X = tf.placeholder(tf.float32, [None, 784])
X_img = tf.reshape(X, [-1, 28, 28, 1])
Y = tf.placeholder(tf.float32, [None, nb_classes])

keep_prob = tf.placeholder(tf.float32)

# 3x3 filter, color=1(Gray), # of Filter : 32
W1 = tf.Variable(tf.random_normal([3,3,1,32], stddev=0.01))
L1 = tf.nn.conv2d(X_img, W1, strides=[1,1,1,1], padding='SAME')
# => 입력의 이미지 크기와 같다 'SAME'이므로
# => 출력 이미지는 32개가 된다.

L1 = tf.nn.relu(L1)

#kernel size = 2 x 2
#stride : 2 x 2
L1 = tf.nn.max_pool(L1, ksize=[1,2,2,1],
                    strides=[1,2,2,1], padding='SAME')
L1 = tf.nn.dropout(L1, keep_prob=keep_prob)
#stride가 2x2이므로 28x28 이미지가 14x14가 된다.
'''
Tensor("Conv2D:0", shape=(?,28,28,32), dtype=float32)
Tensor("Relu:0", shape=(?,28,28,32), dtype=float32)
Tensor("MaxPool:0", shape=(?,14,14,32), dtype=float32)
'''
#첫번째 Convolution Layer의 출력 : 14(가로)x14(세로)x32(이미지 갯수 = 필터 수)

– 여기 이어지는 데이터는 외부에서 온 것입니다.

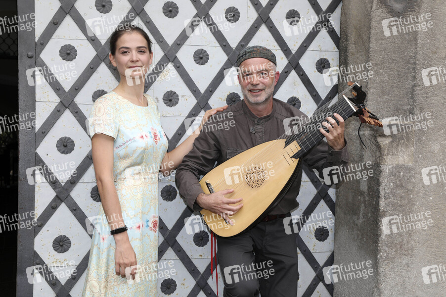 Anna Lukshina und Jakov Steiman beim Konzert im Flüsterbogen mit Gesang und Laute im Haus zum Flüsterbogen am Untermarkt. Görlitz, 22.08.2021
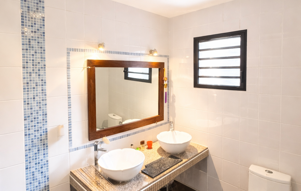 La maison principale, d'environ 116m², se compose d'une entrée, de 3 chambres climatisées, d'un spacieux séjour

#input : (?,14,14, 32) #Filter : 64
W2 = tf.Variable(tf.random_normal([3,3,32, 64], stddev=0.01))
L2 = tf.nn.conv2d(L1, W2, strides=[1,1,1,1], padding='SAME')
#Conv : (?,14,14,64)
L2 = tf.nn.relu(L2)
L2 = tf.nn.max_pool(L2, ksize=[1,2,2,1], strides=[1,2,2,1], padding='SAME')
#Pool : (?,7,7,64)
#Pool : (?,7,7,64)
#L2 = tf.reshape(L2, [-1, 7 * 7 * 64])
L2 = tf.nn.dropout(L2, keep_prob=keep_prob)

'''
Tensor("Conv2D_1:0", shape=(?,14,14,64), dtype=float32)
Tensor("Relu_1:0", shape=(?,14,14,64), dtype=float32)
Tensor("MaxPool_1:0", shape=(?,7,7,64), dtype=float32)
Tensor("Reshape_1:0", shape=(?,3136), dtype=float32)
'''

W3 = tf.Variable(tf.random_normal([3,3,64, 128], stddev=0.01))
L3 = tf.nn.conv2d(L2, W3, strides=[1,1,1,1], padding='SAME')
#Conv : (?,14,14,64)
L3 = tf.nn.relu(L3)
L3 = tf.nn.max_pool(L3, ksize=[1,2,2,1], strides=[1,2,2,1], padding='SAME')
#Pool : (?,7,7,64)
#Pool : (?,7,7,64)
L3 = tf.nn.dropout(L3, keep_prob=keep_prob)
L3 = tf.reshape(L3, [-1, 128 * 4 * 4])

W4 = tf.get_variable("W4", shape=[128*4*4, 625])
b4 = tf.Variable(tf.random_normal([625]))
L4 = tf.nn.relu(tf.matmul(L3, W4) + b4)
L4 = tf.nn.dropout(L4, keep_prob=keep_prob)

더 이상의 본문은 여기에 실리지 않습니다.